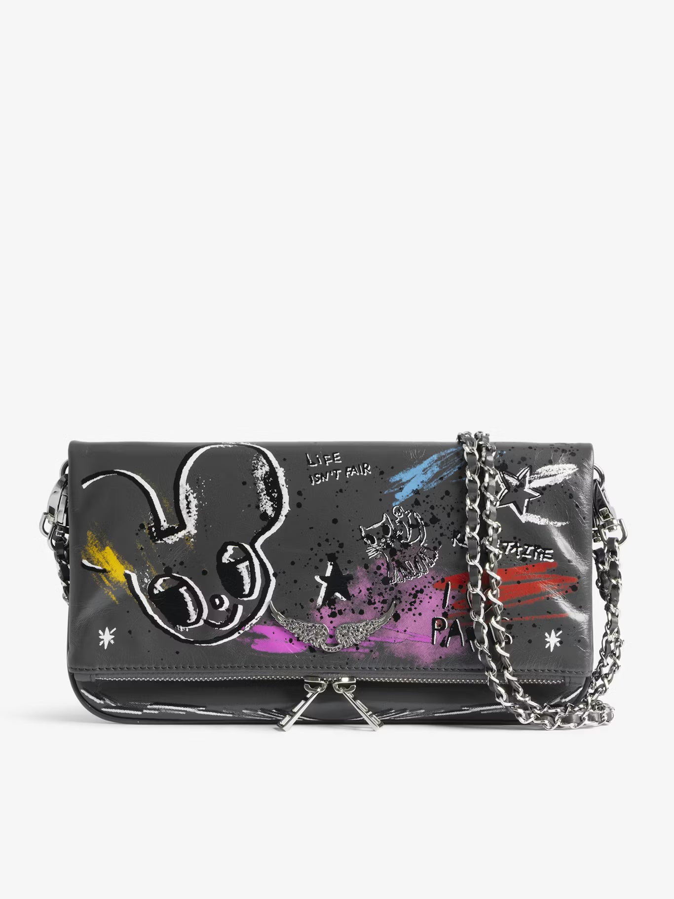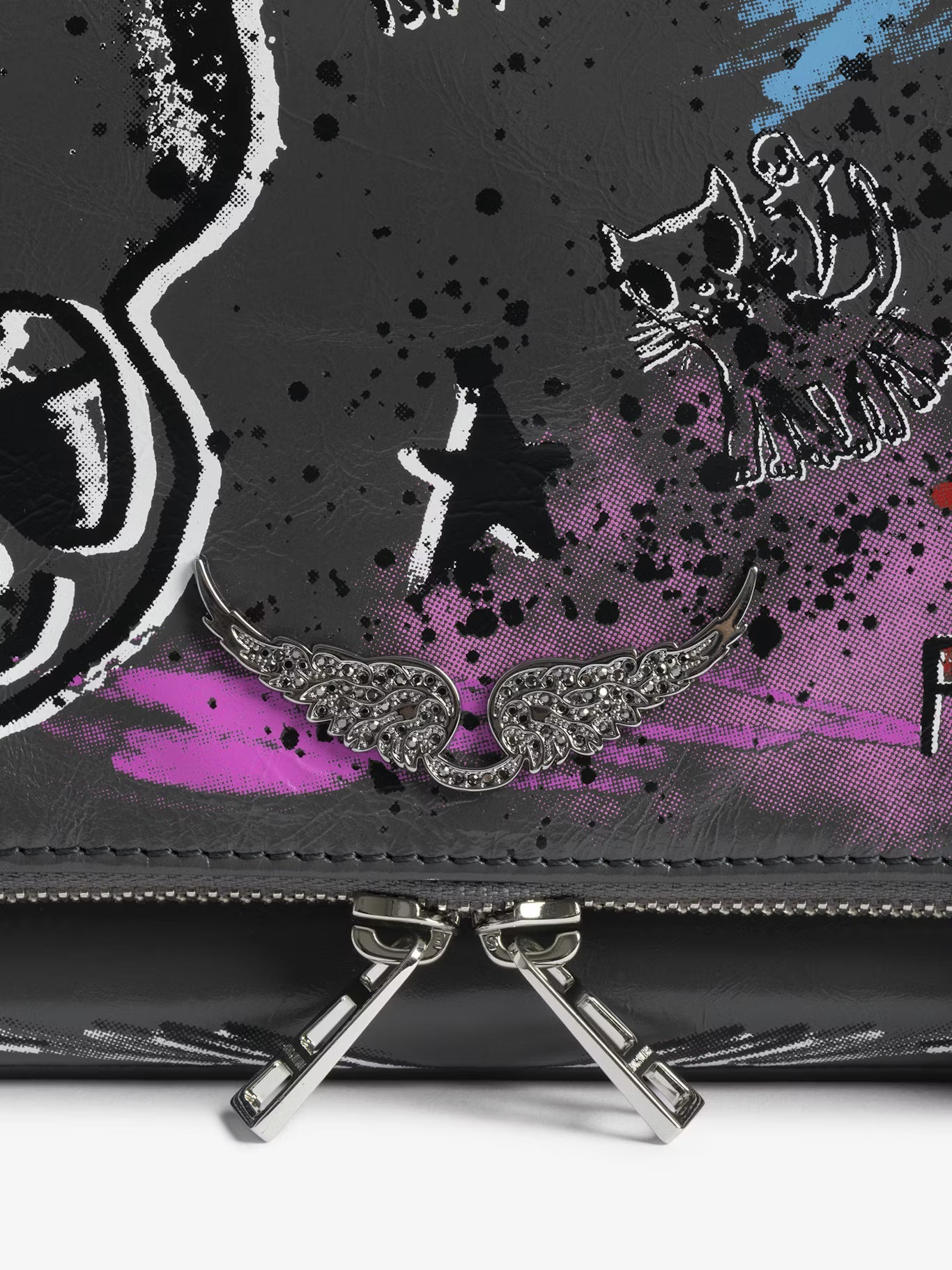 Psaníčko z zrněné kůže s personalizací od Humberta Cruze, s dvojitým popruhem z kůže a kovu a křídly zdobenými kamínky.
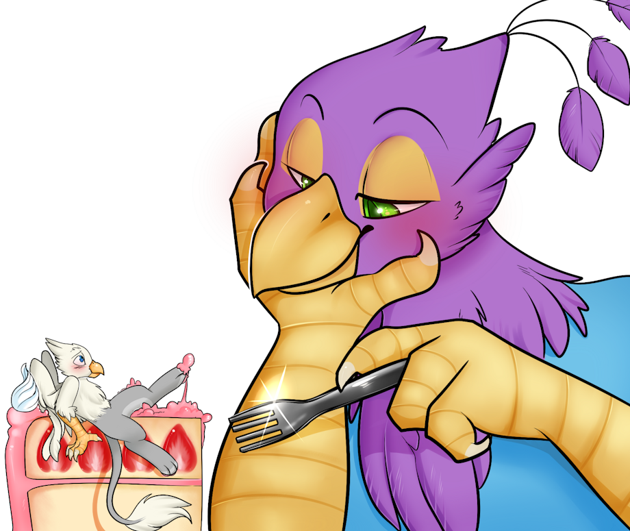 Gyro Feather is enjoying Der on a cake. I'm sure this won't go anywhere problematic for the bird.
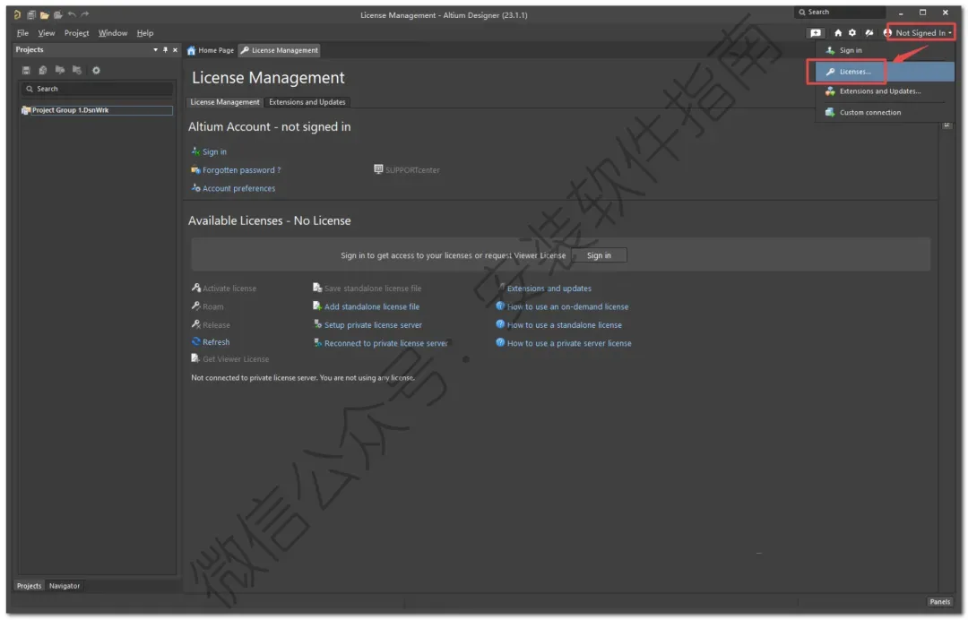 16、点击菜单栏中的“Not Signed In”,选择“Licenses ...”

## EXERCISE
Your output must reproduce the material above in full, with no pictures.

## REPLY
 Psaníčko z zrněné kůže s personalizací od Humberta Cruze, s dvojitým popruhem z kůže a kovu a křídly zdobenými kamínky.
 Gyro Feather is enjoying Der on a cake. I'm sure this won't go anywhere problematic for the bird.
 16、点击菜单栏中的“Not Signed In”,选择“Licenses ...”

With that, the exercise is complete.